Wednesday, April 03, 2002

it is painfully obvious (yes, i use the word painfully), that my mind is encrypted with an unknown code. my head has become a blender of cocktails, convoluted with so much waste that it literally pours out of my eyes. if i close my eyes, the blender is turned on with all the crap swirling through my head, trapped in with nowhere to go... several thoughts just appear in the dark space mixed together, scene by scene, time by time. what seems like a bad case of ADD is just a bad case of concentration. i just can't focus on one thought or one thing. my eyes must be kept open for me to concentrate... but even then it is a very hard task for me to do.

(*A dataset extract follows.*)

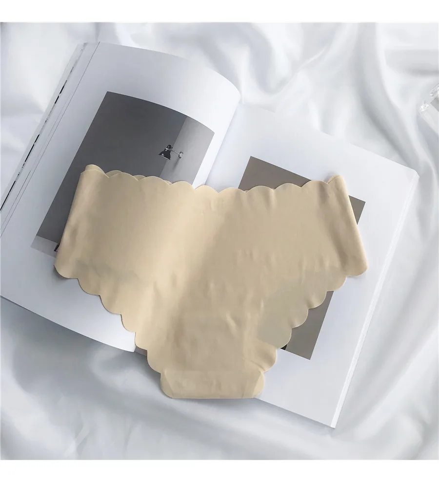 Женские бесшовные трусики с рюшами, однотонные хлопковые трусы брифы, удобное дышащее нижнее белье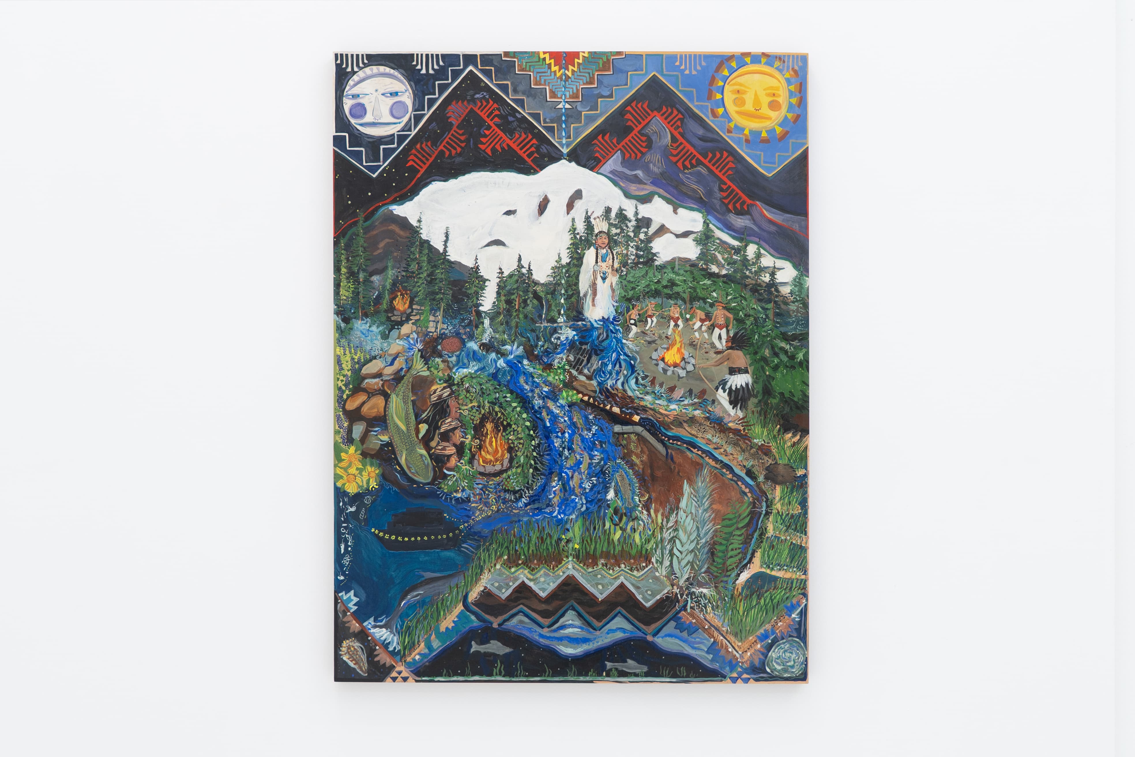 Through the space between her act of painting and the work itself is an experiment and interrogation with how this present chapter in the Modern world has defined “human.” Although the Anthropocene was not introduced into popular consciousness to describe the current geological age until 2000, many scholars within geography, anthropology, and the humanities have tapped the year 1492 as a symbolic beginning to what we now know to be our own current crisis of man-made environmental change. With the rapid land-grab of the mid-millennia by Western nations, came a new suite of rights taken as self-evident to the consciousness of domineering societies. These rights include the right to destroy worlds and manufacture them as new, as well as the right to declare what is new and subsequently othered, backwards, tired, and obsolete. (1) Historian T.J. Demos points out in his Against the Anthropocene that this time also inaugurated the joining of the two hemispheres under a kind of global capitalism, one that still writes the definition of progress today. Under this rule, Anthropocentric thinking has occluded the varied historic human (Indigenous) understandings of nature as well as blanketed the burden of climate crisis as a universal event, despite its very obvious disproportionate effects that communities experience all over the globe due to a matrix of inequalities from economic resources, habitable infrastructure, and social alienation.

why is this relevant? what's the point? it's relevant because i have a hard time focusing on prayers. the point is, i'm struggling. at church, at home, anywhere i have to pray with my eyes open to really get a good prayer in. it is certainly ironic because the tradition is you pray with your eyes closed to focus better and not get distracted. if i'm at church and i pray with my eyes closed, i'll always catch myself thinking of something else and not listening. for instance, i'll subconsciously be thinking about how the Jayhawks could have won, or why my jacket smells, or how much gas i have left in my car...as if Satan is inside my mind, steering my thoughts -and heart- away from my time with God. if i'm at home praying - even outloud - i'll end up silent...because i'll either be asleep or catch myself into thinking a random thought. i'm talking and talking and as abrupt as a car accident, yet stealthy like a snake, i'll just stop and start thinking about things. it upsets me, correction, infuriates me that i can be so easily distracted when i am trying to spend time with God. is my heart that weak? are my motives not really there? the solution is the ironic twist: i need to pray more.